## Source material

========================================================================

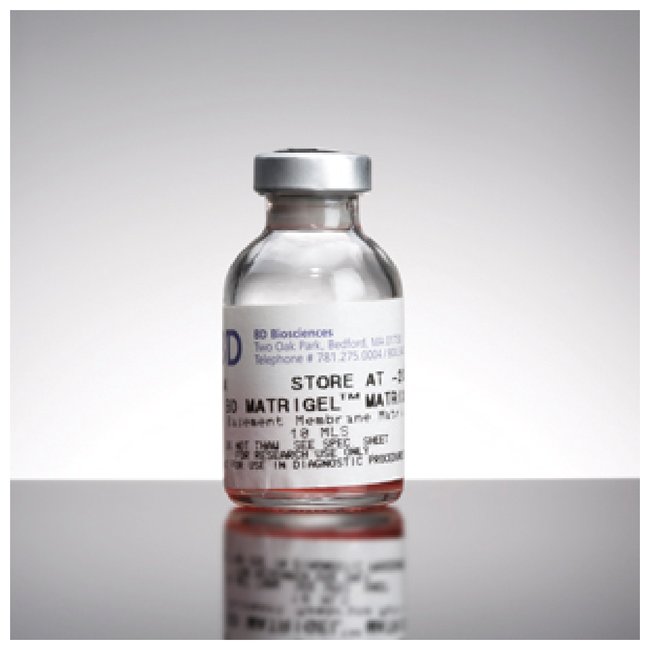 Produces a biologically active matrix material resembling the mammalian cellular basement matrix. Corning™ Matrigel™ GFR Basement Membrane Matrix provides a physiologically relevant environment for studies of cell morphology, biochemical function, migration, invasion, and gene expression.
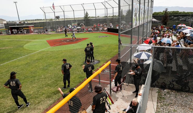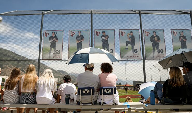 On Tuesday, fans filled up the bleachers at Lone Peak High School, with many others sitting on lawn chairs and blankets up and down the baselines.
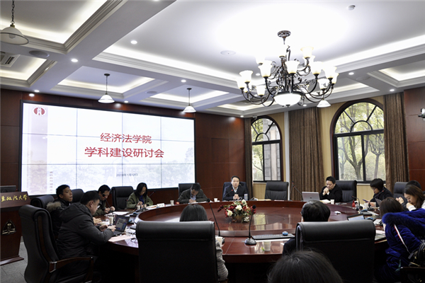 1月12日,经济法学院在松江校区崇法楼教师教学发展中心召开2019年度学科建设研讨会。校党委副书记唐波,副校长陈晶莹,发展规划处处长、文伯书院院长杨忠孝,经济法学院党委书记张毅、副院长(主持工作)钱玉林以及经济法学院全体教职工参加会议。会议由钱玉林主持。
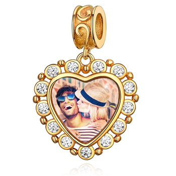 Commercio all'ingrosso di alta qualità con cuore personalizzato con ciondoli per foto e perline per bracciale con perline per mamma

========================================================================

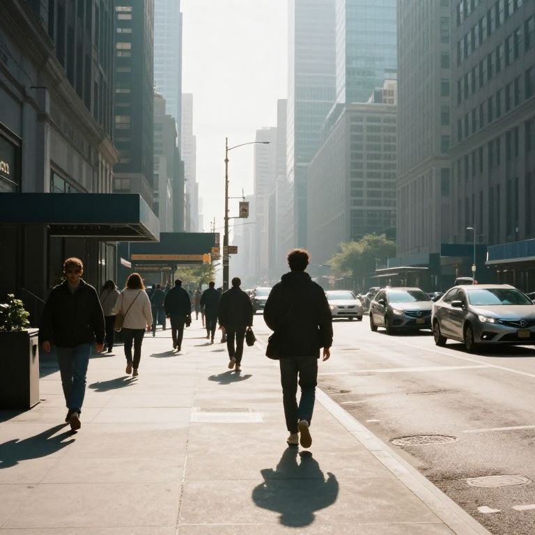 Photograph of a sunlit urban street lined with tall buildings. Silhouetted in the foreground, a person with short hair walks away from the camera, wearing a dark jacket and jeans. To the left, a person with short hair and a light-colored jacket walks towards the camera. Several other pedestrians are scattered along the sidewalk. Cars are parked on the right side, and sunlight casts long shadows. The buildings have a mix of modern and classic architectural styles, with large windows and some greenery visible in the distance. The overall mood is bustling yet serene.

========================================================================

## Exercise prompt
Would you give again, exactly, the lines in the data above that run from the line containing "1月12日,经济法学院在松江" to the line containing "Commercio all'ingrosso di"? Include both ends and no pictures.

## Exercise result
 1月12日,经济法学院在松江校区崇法楼教师教学发展中心召开2019年度学科建设研讨会。校党委副书记唐波,副校长陈晶莹,发展规划处处长、文伯书院院长杨忠孝,经济法学院党委书记张毅、副院长(主持工作)钱玉林以及经济法学院全体教职工参加会议。会议由钱玉林主持。
 Commercio all'ingrosso di alta qualità con cuore personalizzato con ciondoli per foto e perline per bracciale con perline per mamma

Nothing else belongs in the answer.